Here, read this for a comparison of some PAW-xxxx models (scroll down to the technical part):

http://www.watch2home.com/forum/viewtopic.php?p=15340

70+ quid extra for the dual display on the PAW-2000... I'm not so sure. Plus it's 3mm wider and for a daily wearer the paw-xxxxs are pushing the boundaries a bit in any case, haha. It looks nice (albeit a bit too pretty??) but sometimes it's also nice to have a watch that isn't so expensive so when you bash it about you don't get that guilty feeling. Apart from the dual display it doesn't have that much more than the PAW-1300.

R.e. water resistance. For swimming or snorkelling/no oxygen diving I'd wear the Pathfinder no probs, but for anything with tanks I'd wear a 200m G-Shock or something simlar (e.g. my Gulfman or all-out diver)... Hell I might even wear the Pathfinder. I just need some money to do my diving course now :man_in_love: !!!

I've got it on order. I'll post pictures and review when it arrives! Cheers! :thumbsup:



Om_nom_nom_Watches! said:


> Openended said:
> 
> 
> > Cheers yeah. I've already ordered it. They make it a tough choice as the paw-2000 and paw-1500 also look like cracking deals... but I kinda went in the middle and struck a balance.
> ...


----------



## cgs (Oct 28, 2009)

Just got a breitling blackbird with a number of straps.

So my next purchase is hopefully this week a 371A Pilot bracelet.

Any one got one for sale or its going to be quite an expensive trip to an AD.

Sure it will be worth it.

Colin


----------



## stolid (Aug 21, 2009)

I quite fancy a Pogue.(Seiko 6139-600x)

Another astronauts' watch I can afford.

As worn on Skylab by Col William Pogue, if I remember right.

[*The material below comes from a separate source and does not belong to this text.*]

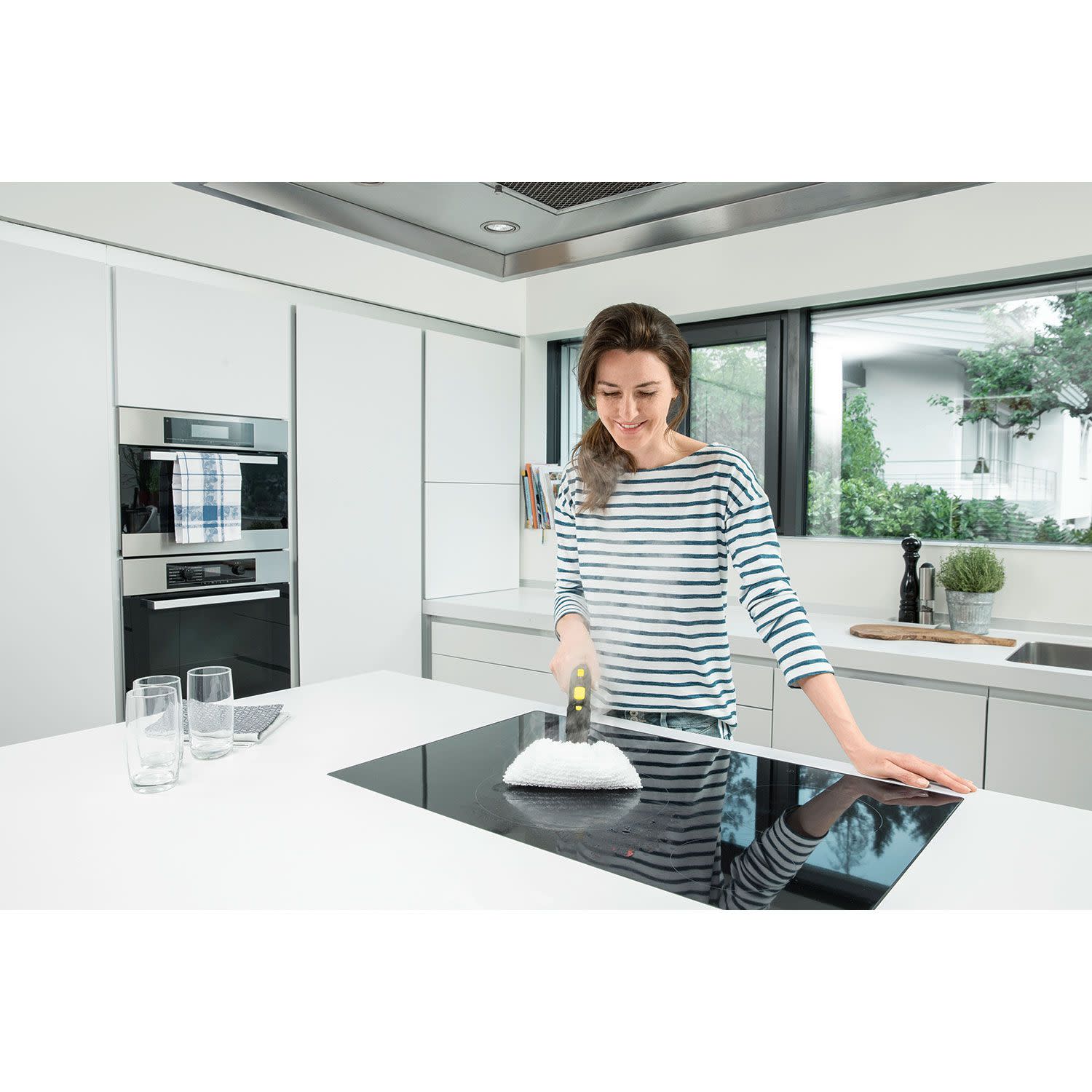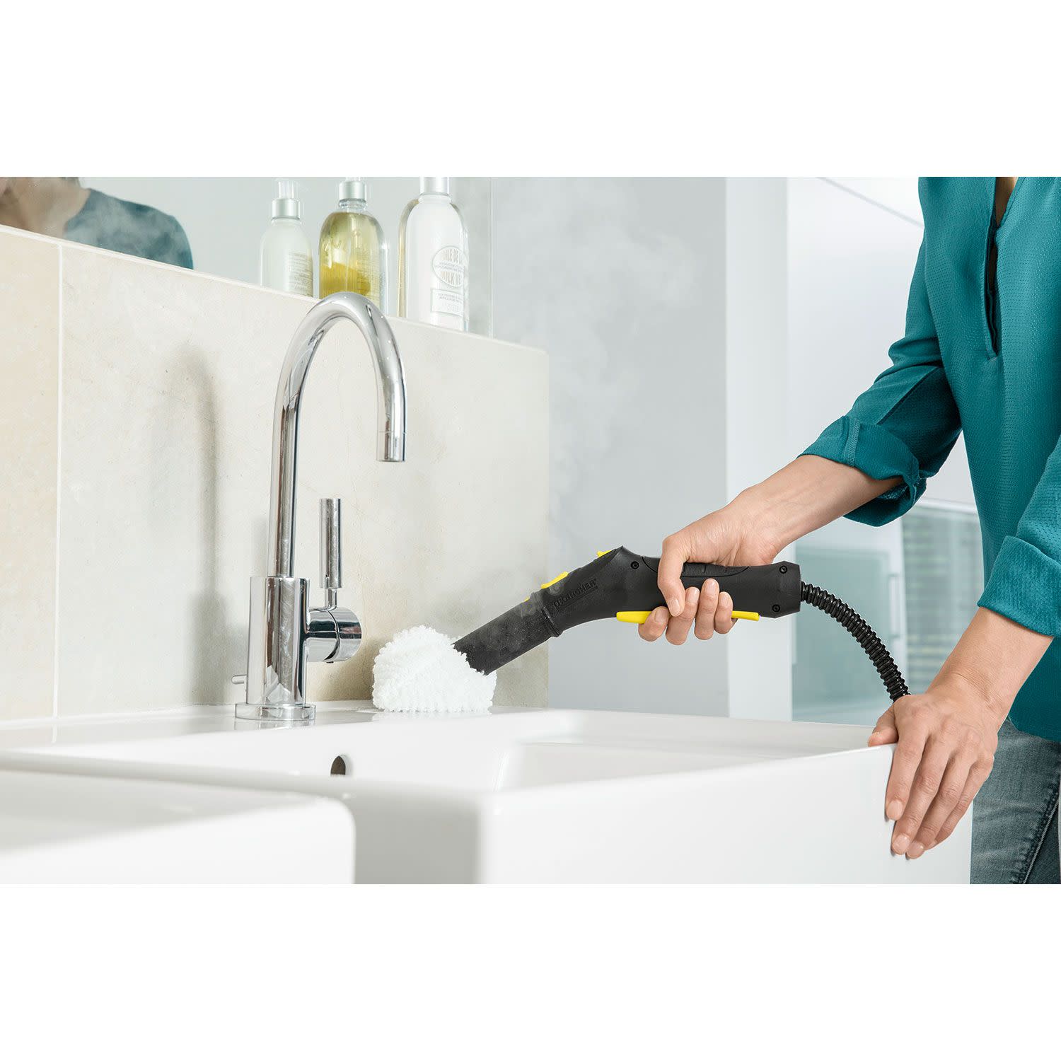 Η ένταση του ατμού προσαρμόζεται στο επίπεδο των ρύπων, καθαρίζοντας σχολαστικά τις επίμονες βρωμιές και τις λιπαρές επικαθήσεις, ενώ χρειάζεται ελάχιστο χρόνο ώστε να δημιουργήσει ισχυρό ατμό πίεσης 3,5bar και να απολυμάνει κάθε επιφάνεια. Επιπλέον, χρησιμοποιώντας το βολικό σύστημα hook-and-loop, το πανί δαπέδου από μικροΐνες μπορεί να στερεωθεί αβίαστα στο ακροφύσιο δαπέδου και να αφαιρεθεί ξανά χωρίς να χρειάζεται να έρθεις σε επαφή με τους ρύπους.

Mainly because it is so bright and cheerful, for the Summer.

After I've cleared a backlog of bills- ho hum.

With luck, there will be a little of Summer left!


----------



## James (Jul 17, 2006)

Real and in this order

Frogman incoming (Because I like Froggies)

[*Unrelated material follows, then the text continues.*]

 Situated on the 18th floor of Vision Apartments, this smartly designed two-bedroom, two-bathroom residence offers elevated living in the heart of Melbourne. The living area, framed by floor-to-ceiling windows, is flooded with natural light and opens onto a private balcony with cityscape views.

Another Dynamic incoming (Because I love the Dynamic autos of later yr)

Two Seikos incoming (That came in a package of something else incoming)

Ships Marine Chronometer incoming (Because I don't have one with that name on the dial)

Another Dynamic (Because I love the Dynamic autos of later yr)

ACS1B Mig Clock (Its for a buddie)

Oh yea and the last few of something else its a secret.

That takes me to weeks end I guess. Why, see in brackets

.......


----------



## Kutusov (Apr 19, 2010)

:shocking: ....

... can you adopt me?... :blush2:


----------



## James (Jul 17, 2006)

Kutusov said:


> :shocking: ....
> 
> ... can you adopt me?... :blush2:


I already adopted one 

Naw I am just making up for not collecting much the past year


----------



## Kutusov (Apr 19, 2010)

James said:


> I already adopted one
> 
> Naw I am just making up for not collecting much the past year


I bet that if I was round, ticking and told the time you would adopt me!!! :disgust:

Oh well, guess I'll have to continue fending for myself... all alone?... and abandoned?... :blush:


----------



## gaz64 (May 5, 2009)

seadweller (fantasy)


----------



## Chromejob (Jul 28, 2006)

I could've said, Oh a Valjoux movement ... but I bought one last week.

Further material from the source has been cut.